However, ABMs can have important and distinct uses in public health, exploring research questions that traditional methods cannot usefully address. ABMs allow us to understand how the combination of agent interactions and non-linear causal effects give rise to system-level patterns. Such an approach falls outside the traditional epidemiological toolkit, but developing our understanding of these patterns is essential for improving the health of the public. With this in mind we would concur with Auchincloss and Diez-Roux, who outlined how regression approaches can limit our enquiries:

Too often, the exclusive use of regression approaches constrains not only the answers we get but also the types of questions we pose and the hypotheses and even theoretical explanations that we develop. In our search for what is ‘tractable’ in empirical observational research (essentially that which mimics the perfect experiment), our questions have the tendency to become narrower and narrower and perhaps less relevant to understanding or intervening in the real world [9, p. 6].

Long after this paper was first published, the methodological debate in population health continues to discuss the relative merits of ABMs compared to regression in the presence of interference or dynamic processes [10]. In our view, the debate should acknowledge that the primary advantage of a model-centred approach is that it allows us to answer fundamentally different types of questions. Consider the ability of ABMs to integrate variables of disparate nature, including qualitative, narrative, and anecdotal [11]; to enable the inclusion of geographic and social space at multiple levels of resolution—embedding feature-rich GIS representations, for instance, or sophisticated social network structures; and to simulate multiple complex processes simultaneously, all while remaining tractable (to a certain extent).

These features enable the exploration of processes in a fundamentally different way, and the examination of fundamentally different questions of wider scope and breadth.

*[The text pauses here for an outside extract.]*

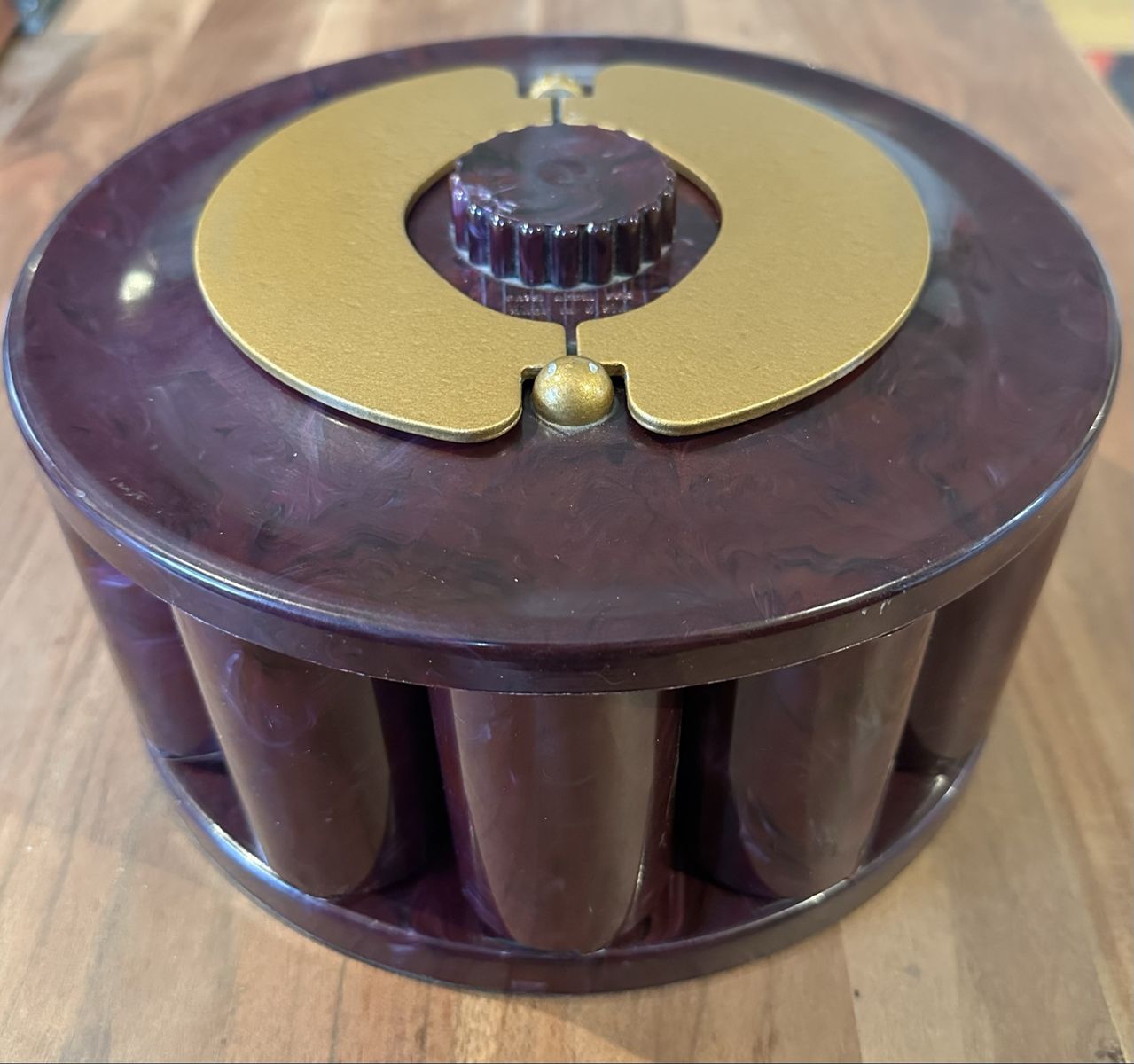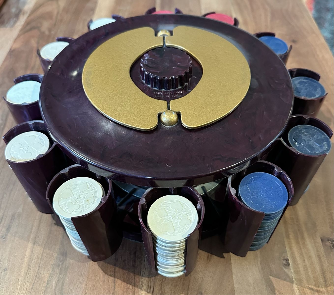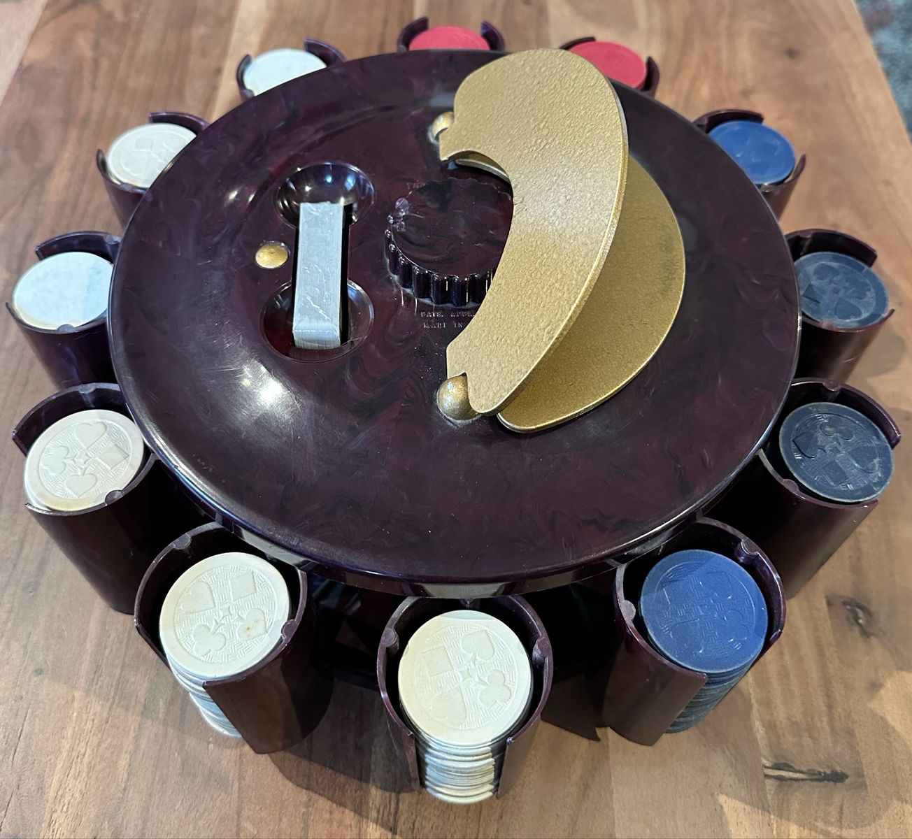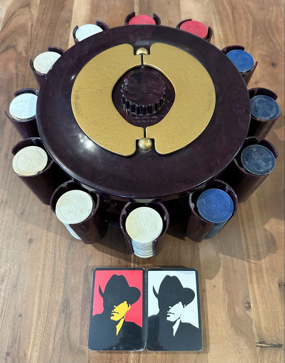 VenmoVintage rotating poker chip carousel set made by Turnit Mfg. Co. (Los Angeles). Cool mid-century design with individual chip holders for each player.

Simply put, adopting ABMs requires not just a change of methods, but a change of mindset and conceptual framework.

The need for a new approach to decision-making

Research in population health has to its credit a number of major successes over the years, due to concerted action on communicable diseases through improved sanitation and mass immunisation programmes, prompting major progress on serious health problems such as lung cancer and heart disease and a steady increase in life expectancy until recently [12]. More recently, significant progress has been made on noncommunicable diseases through tobacco control and lifestyle education. However, ‘despite major investment in both research and policy, effective action to tackle pressing contemporary public health challenges remains elusive’ [13]. The most intractable health problems are those that spring fundamentally from more complex causes: behavioural and social influence; and environmental interaction. Some notable ‘wicked’ problems [14] include obesity, alcohol and drug misuse, and the persistence of health inequalities, among others.

The ‘wicked’ health problems of the 21st century are driven by numerous influences where the causal links are not clearly defined, and the mechanisms that influence them are elusive [15]. Wicked problems in health are serious challenges for policy makers, given that such problems ‘are continually evolving; have many causal levels; have no single solution that applies in all circumstances and solutions can only be classified as better or worse, rather than right or wrong’ [16]. Behavioural risk factors underpin these wicked health problems, but the evidence is sparse as to how physical and social environments influence health behaviours, and what can be done to improve them.

Identifying, implementing and evaluating effective responses to major population health challenges requires a wider set of approaches beyond the traditional methods of public health research and should involve a wider set of actors beyond the health services [17]. Population health is influenced by multiple interacting determinants, including social, political, environmental, biological and behavioural factors. Current challenges to the health of the public, and the overarching inequalities in health within and across populations, are resistant to simple, linear, silver-bullet approaches [13].

Traditional epidemiological methods face the most difficulties in these types of population health challenges, in which determinants of illness and disease are multifaceted, inter-related and non-linear [18]. Unravelling the complex interactions of social and environmental determinants is challenging when using statistical methods in which individuals and their actions may not be explicitly represented. Individual-based modelling practices such as microsimulation can model some of these behavioural and spatial effects, but the effects of interactions between individuals and environmental factors are still hard to capture.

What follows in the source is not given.